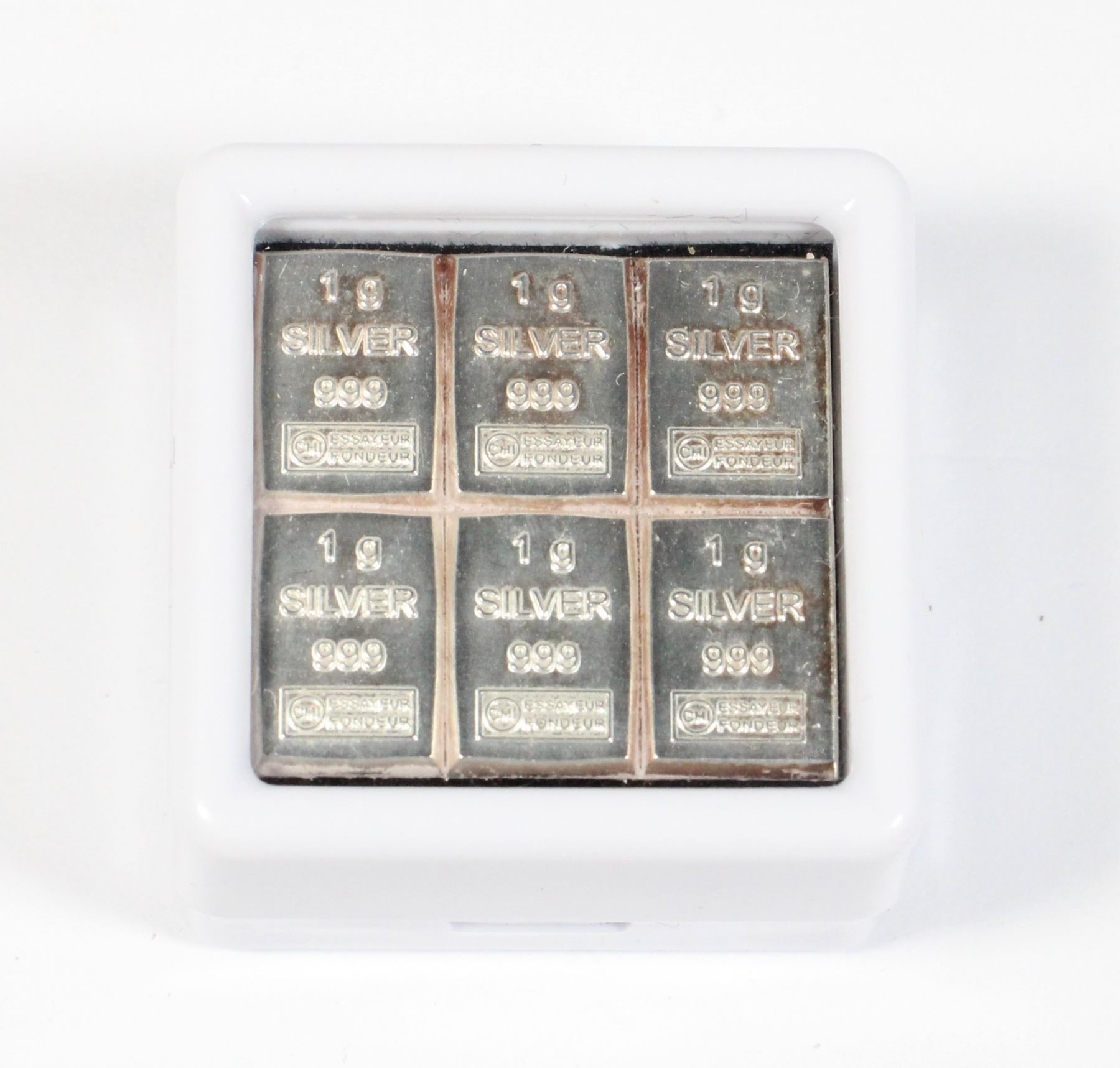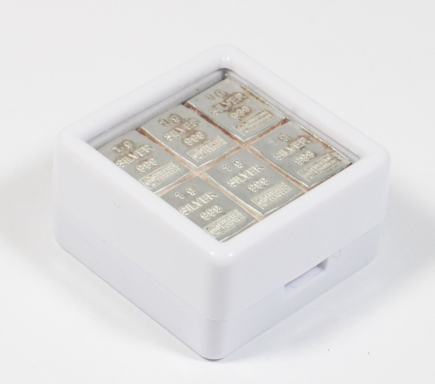 SIX 1 GRAM SILVER BARS IN GEMSTONE DISPLAY BOX
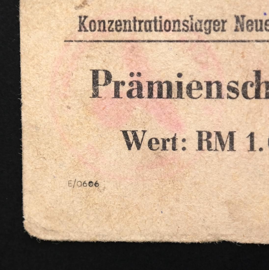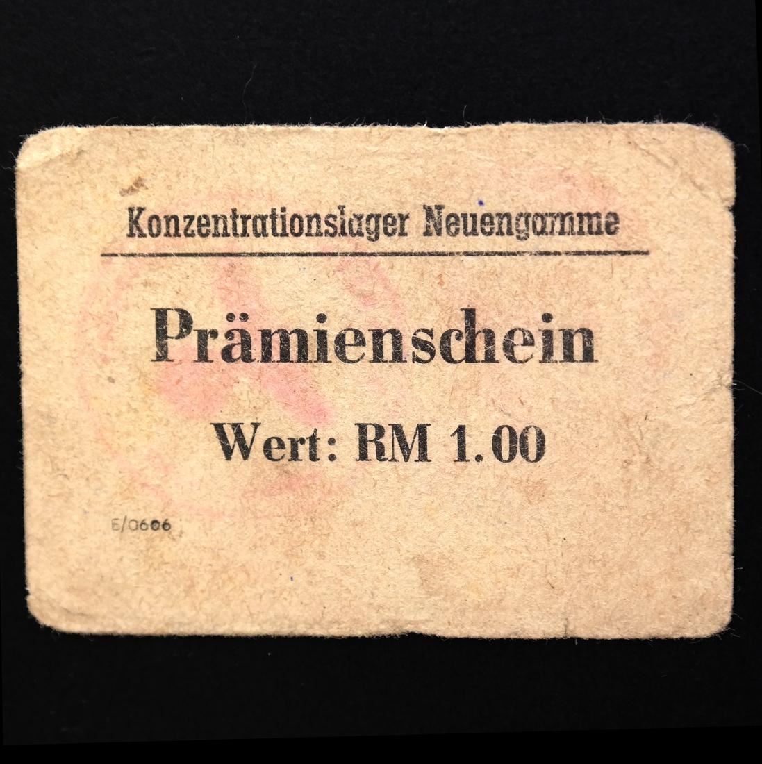 Konzentrationslager Neuengamme / Prmienschein / Wert: RM 1.00 on cream card, magenta control handstamp, measures approx 71 by 52mm, creases, tiny edge tears and soiling, F-VF.
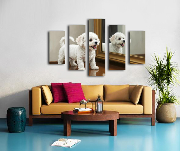 Playful White Bichon Frise Puppy Invites Mirror Reflection To Play Impression sur toile
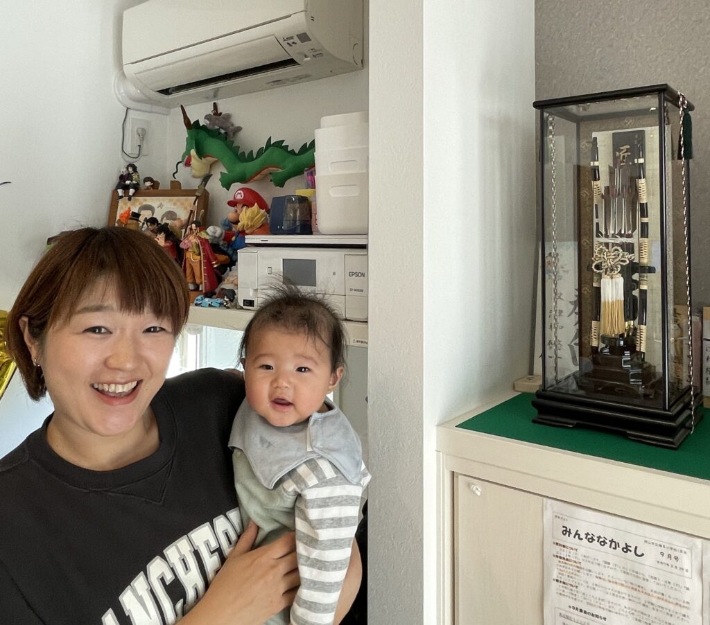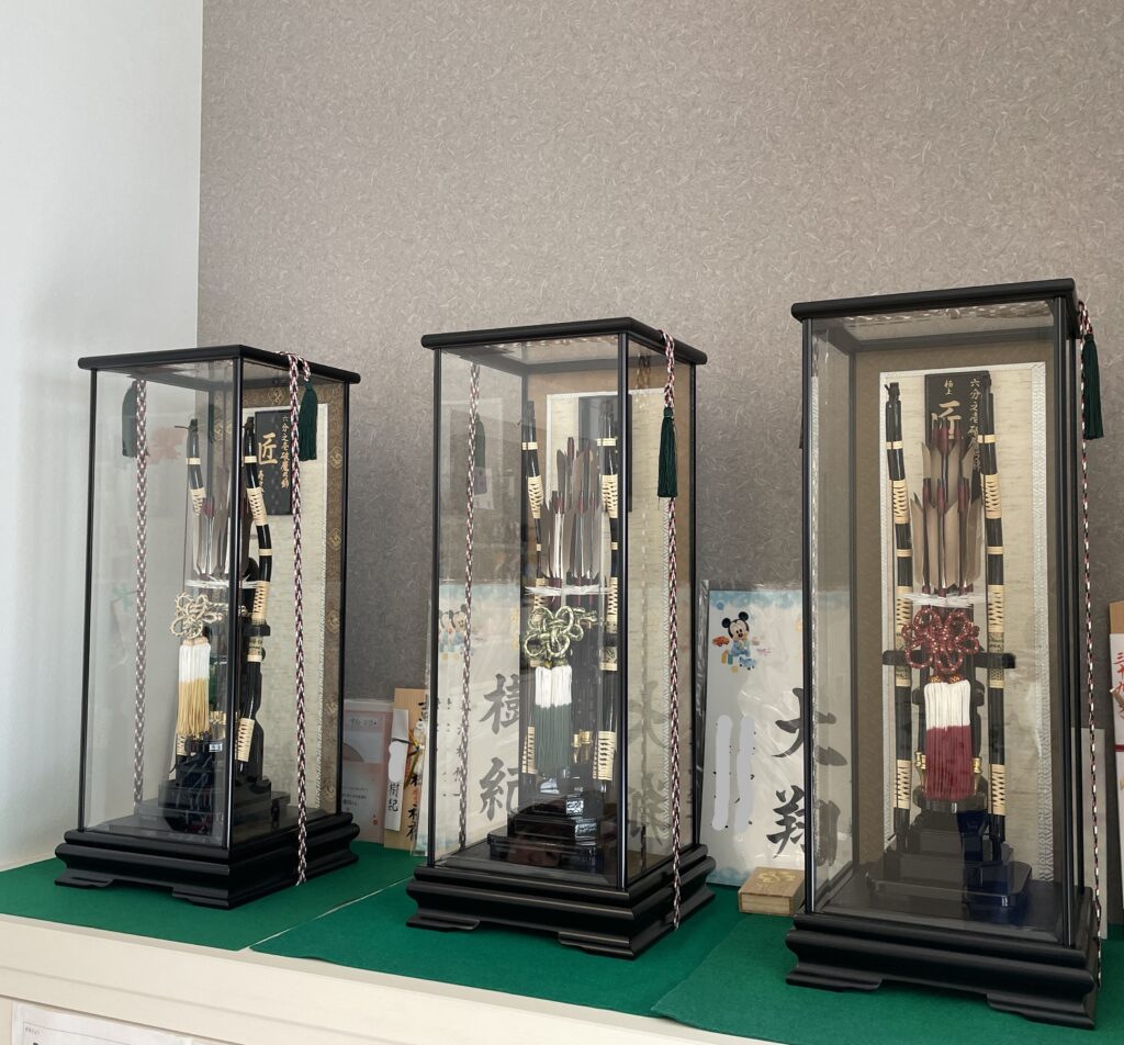 お部屋の飾り棚にお兄ちゃんの破魔弓と並べて飾らせていただきました。
────
◆ **ACTIVITY**: Return each of the lines exactly as they appear above, with no images.

◆ **REPLY**:
 SIX 1 GRAM SILVER BARS IN GEMSTONE DISPLAY BOX
 Konzentrationslager Neuengamme / Prmienschein / Wert: RM 1.00 on cream card, magenta control handstamp, measures approx 71 by 52mm, creases, tiny edge tears and soiling, F-VF.
 Playful White Bichon Frise Puppy Invites Mirror Reflection To Play Impression sur toile
 お部屋の飾り棚にお兄ちゃんの破魔弓と並べて飾らせていただきました。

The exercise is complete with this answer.